6.1 Example 1: MG chaotic time series prediction

In this example, the simulation studies are carried out for the MG chaotic time series prediction. The MG series is generated by a delay ordinary differential equation [27, 29]:

$$\begin{aligned} \frac{\mathrm{d}x(t)}{\mathrm{d}t}=-qx(t)+\frac{mx(t-\tau )}{1+x(t-\tau )^{10}} \end{aligned}$$

(49)

where $q=0.1, m=0.2$, and $\tau =30$. The sampling period is 6 s, and time embedding (filter order) is 10. The white Gaussian noise (WGN) with zero mean and standard deviation $\sigma _G =0.02$ is used as a measurement noise. A segment of 2000 samples is used as the training data and another 2000 as the test data. If the number of testing iteration 2000 is achieved, then stop the algorithm.

Firstly, we let h of the KLMAT algorithm vary within $0.1 \sim 2$ to test the performances of algorithms under different kernel sizes. When the kernel size is too small for the data samples, the performance of the algorithm may degrade since the lack of information needed in inner product calculation. When the kernel size is relatively small but in a reasonable range for the data samples, the algorithm converges quickly with relatively high steady-state error. When the kernel size is getting larger, the crest around the global optimum becomes wider, so under the fixed learning rate, the smaller misadjustment and lower convergence rate are obtained. From Fig. 3, we observed that, for $h\in (0.5,2)$, the results are quite similar. In following simulations, we set $h=1.5$, for small steady-state error. Then, we test the prediction performance of the proposed algorithms in Figs. 4 and 5. Figure 4 shows the testing MSE under WGN environment. Observe that the KLMAT and VLR–KLMAT algorithms achieve improved performance as compared with the KLMS algorithm. Besides, the VLR–KLMAT algorithm outperforms the KLMAT algorithm, since it reaches the similar steady-state error level within fewer iterations. Owing to using the recursive method, the KRLS and KRLAT algorithms converge faster than other algorithms. Additionally, the KRLAT algorithm provides improvement with WGN noise.

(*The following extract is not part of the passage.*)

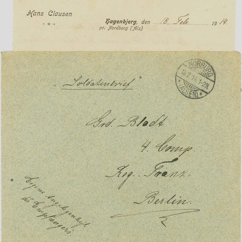 Ekstremt sjældent marinefeltpostbrev i perfekt stand fra Treårskrigen 1848-50 sendt af løjtnant Frederik Ludvig Holbøll, adjudant for Eskadrechefen, til sin søster Ludviga Holbøll, Academigaden (i dag Fredericiagade), Kjøbenhavn. Brevet er dateret Sønderborg d. 10. september (1849). Bagsiden viser kartenummer 1 og porto 4 rbs., der blev opkrævet hos modtager. Desuden ses et rødkridtskryds, der formentlig betyder, at brevet blev godkendt som militærbrev. Løjtnant Holbøll var med på linieskibet Christian VIII i slaget ved Eckernförde i april 1849.

Note that the network size of the KAF linearly increases with the number of training data, which means that there is a total of 2000 expansion coefficients at the end of our simulations. This may prohibit the practical implementation of these algorithms for a large training set. Therefore, the novelty criterion (NC) strategy [29] is considered to be a possible solution to the limitation of the proposed algorithms. The NC computes the distance of ${{\varvec{u}}}(n+1)$ to the present dictionary $c_j $. If the distance is smaller than some preset threshold $\zeta _1 (\zeta _1 >0)$, new input data ${{\varvec{u}}}(n+1)$ will not be added to the dictionary. Only if the magnitude of the prediction error is larger than another preset threshold $\zeta _2 (\zeta _2 >0)$, new input data will be accepted as a new center. Guided by this method, the NC–KLMAT and NC–KRLAT algorithms can be easily derived by introducing NC in the KLMAT and KRLAT algorithms. To curb the network size, we have used a NC–KLMAT filter with $\zeta _1 =0.1$ and $\zeta _2 =0.001$. For the NC–KRLAT algorithm, we use 20 values of $\zeta _1 $ and $\zeta _2 $ uniformly in the interval of [0.04, 0.2] for the enhanced NC [29]. As can be seen from Fig. 5, the NC method provides overwhelmingly smaller network size as comparison to other algorithms with sacrifice of the prediction accuracy.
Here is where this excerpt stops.